Polymerase chain reaction (PCR)and polymorphic marker validation

Genotyping PCR amplifications were performed in 25 μL reaction volumes as follows: 12.5 μL of 2×Taq MasterMix (Ruibiotech, Beijing, China), approximately 50 ng of DNA, 5 pmol forward primer with the 5′end labeled with a fluorescent dye (FAM; Ruibiotech, Beijing, China), 5 pmol reverse primer, and sterile double-distilled water added to 25 μL. The amplifications were performed using the following schedule: denaturation at 94°C for 5 min; 30 cycles of denaturation for 30 s at 94°C, annealing for 30 s at the optimal temperature, and then extension for 30 s at 72°C; a final extension at 72°C for 7 min. All the PCR amplifications were performed using the same thermal cycler (Applied Biosystems, Foster, CA, USA). The PCR products were separated by an ABI 3730XLcapillary electrophoresis analyzer (Applied Biosystems, Foster, CA, USA) with a GeneScan-500LIZ size standard. Fragments were genotyped for their presence/absence at each locus, and the allele sizes were scored using GeneMaker 2.2.0 software (Soft Genetics LIC, State College, PA, USA) and visually checked twice to reduce genotyping errors.

3. Results

3.1 De novo assembly

The preliminary assembly yielded 137,506 contigs, with an average length of 588 bp and an N50 value of 650 (Table 1). Using the CLC Genomics Workbench, 115,987 primary unigenes with an average length of 703 bp (N50 value: 768) were obtained. The primary unigenes were assembled using CAP3 EST software to produce a final unigene set of 96,213 unigenes with an average length of 700 bp and N50 value of 894.

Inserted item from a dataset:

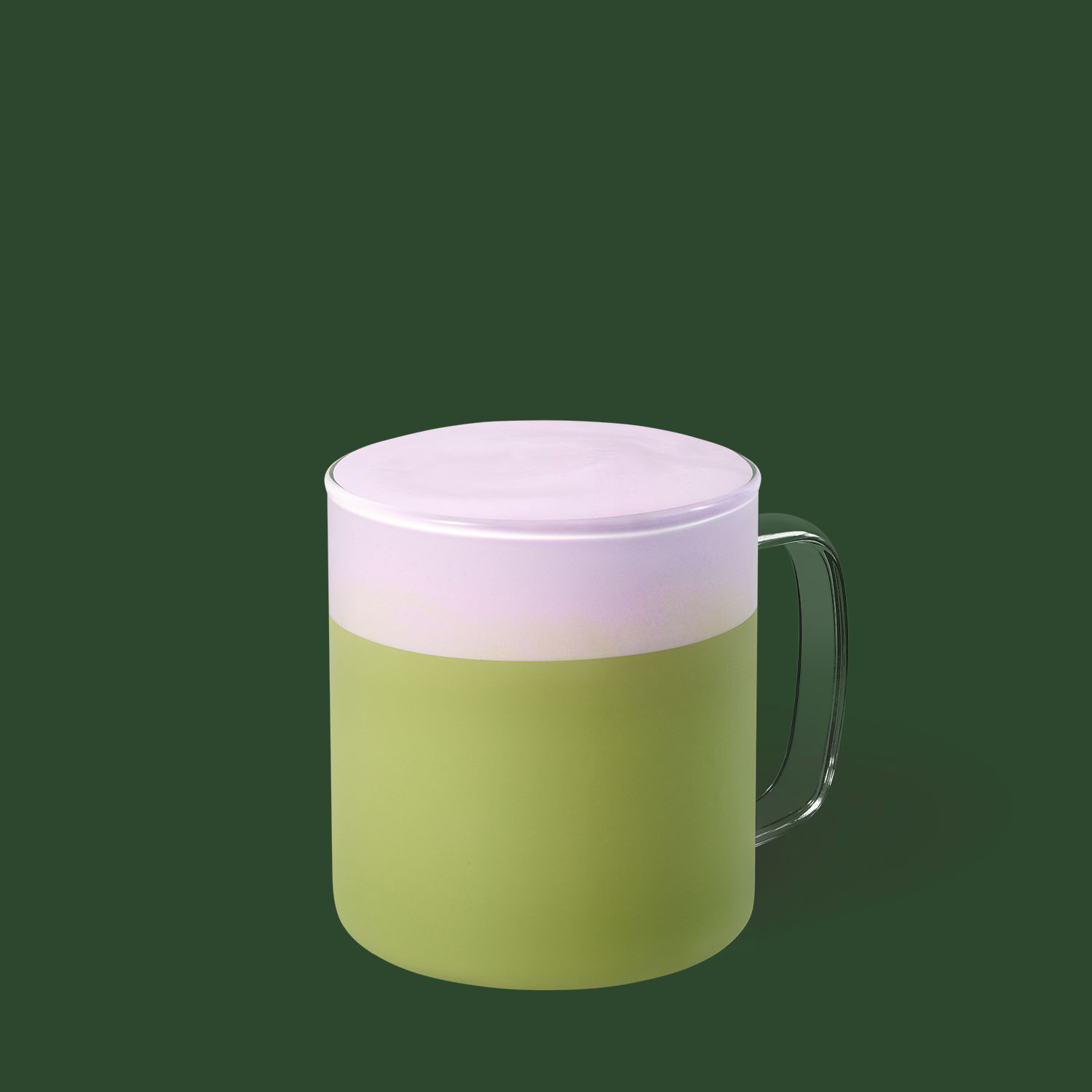 Matcha tè latte caldo con schiuma fredda a base di latte e salsa al gusto di vaniglia e ube.

Table 1. Summary of assembly statistics for Sorbus pohuashanensis leaf transcriptome.

Statistics counts Total length (bp) N50 (bp) Average length (bp) longest (bp) N% GC%
Contigs 137,506 80,881,146 650 588 12,084 0 42.0
Primary Unigenes 115,987 81,529,176 768 703 13,674 0.8 42.0
Final Unigenes 96,213 74,058,783 894 770 13,675 0.87 42.0

The final unigene set contained 19,614 sequences (20.39%), with lengths less than 400 bp; 32,971 unigenes (34.27%), with lengths ranging from 401 to 600 bp; 14,962 unigenes (15.55%), with lengths ranging from 601 to 800 bp;8,582 unigenes (8.91%), with lengths ranging from 801 to 1000 bp; and 20,084 unigenes (20.87%), with lengths above 1000 bp (Fig 1).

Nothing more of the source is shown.